**THE PROBLEM:** Each line below from the line with "підкреслює Тетяна Небесьо." to the line with "大きなクリスマスリースにお好" must be copied exactly, including those two, and no picture may appear in the copy.

**DATA SHOWN:**
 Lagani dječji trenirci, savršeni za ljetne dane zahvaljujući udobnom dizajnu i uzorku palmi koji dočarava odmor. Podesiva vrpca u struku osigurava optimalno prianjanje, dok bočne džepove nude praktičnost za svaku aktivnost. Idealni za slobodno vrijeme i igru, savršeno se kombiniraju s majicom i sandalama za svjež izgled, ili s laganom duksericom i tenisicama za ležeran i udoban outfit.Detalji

==

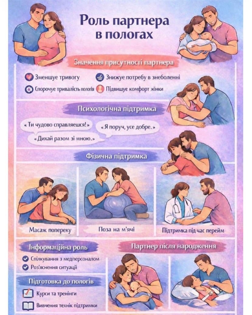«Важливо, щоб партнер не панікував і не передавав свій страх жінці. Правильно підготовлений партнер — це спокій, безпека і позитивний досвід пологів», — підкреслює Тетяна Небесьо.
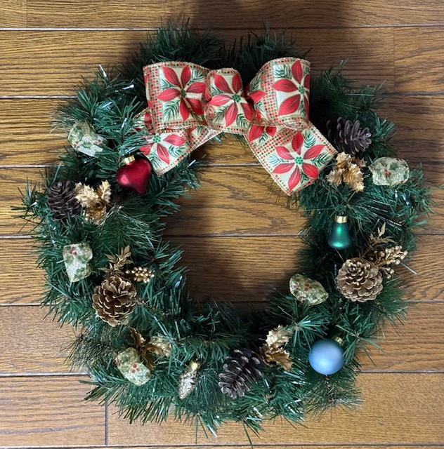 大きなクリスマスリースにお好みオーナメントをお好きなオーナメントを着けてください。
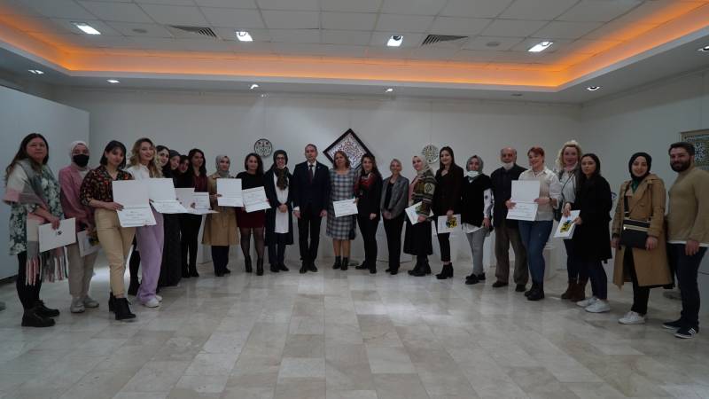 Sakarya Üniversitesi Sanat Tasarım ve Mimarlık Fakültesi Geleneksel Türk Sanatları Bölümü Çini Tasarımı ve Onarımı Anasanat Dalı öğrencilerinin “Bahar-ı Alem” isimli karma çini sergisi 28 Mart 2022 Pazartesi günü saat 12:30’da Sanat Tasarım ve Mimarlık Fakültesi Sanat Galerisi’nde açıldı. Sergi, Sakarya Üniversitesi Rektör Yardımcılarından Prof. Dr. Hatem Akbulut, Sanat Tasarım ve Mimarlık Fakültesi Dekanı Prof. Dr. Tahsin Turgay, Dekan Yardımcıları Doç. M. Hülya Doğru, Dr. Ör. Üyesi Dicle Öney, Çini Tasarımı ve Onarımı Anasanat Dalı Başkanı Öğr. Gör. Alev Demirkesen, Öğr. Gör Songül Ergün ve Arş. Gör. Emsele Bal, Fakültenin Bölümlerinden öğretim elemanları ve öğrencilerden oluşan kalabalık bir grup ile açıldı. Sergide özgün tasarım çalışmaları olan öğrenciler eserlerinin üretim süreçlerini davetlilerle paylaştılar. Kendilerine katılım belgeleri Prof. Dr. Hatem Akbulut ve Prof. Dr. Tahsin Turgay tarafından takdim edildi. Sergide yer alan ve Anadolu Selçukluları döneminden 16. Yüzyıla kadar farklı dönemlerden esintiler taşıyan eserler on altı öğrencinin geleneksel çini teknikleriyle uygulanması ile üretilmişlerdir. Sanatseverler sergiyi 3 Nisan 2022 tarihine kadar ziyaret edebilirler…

...

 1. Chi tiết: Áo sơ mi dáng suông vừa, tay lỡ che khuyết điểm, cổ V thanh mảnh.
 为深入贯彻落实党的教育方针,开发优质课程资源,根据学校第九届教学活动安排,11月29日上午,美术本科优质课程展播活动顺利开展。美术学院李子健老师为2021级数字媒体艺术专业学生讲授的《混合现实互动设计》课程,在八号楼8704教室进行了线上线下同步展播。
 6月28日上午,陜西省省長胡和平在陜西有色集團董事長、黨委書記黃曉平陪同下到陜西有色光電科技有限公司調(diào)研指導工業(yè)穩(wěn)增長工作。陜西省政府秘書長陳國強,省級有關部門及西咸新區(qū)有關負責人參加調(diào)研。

**EXERCISE ANSWER:**
«Важливо, щоб партнер не панікував і не передавав свій страх жінці. Правильно підготовлений партнер — це спокій, безпека і позитивний досвід пологів», — підкреслює Тетяна Небесьо.
 大きなクリスマスリースにお好みオーナメントをお好きなオーナメントを着けてください。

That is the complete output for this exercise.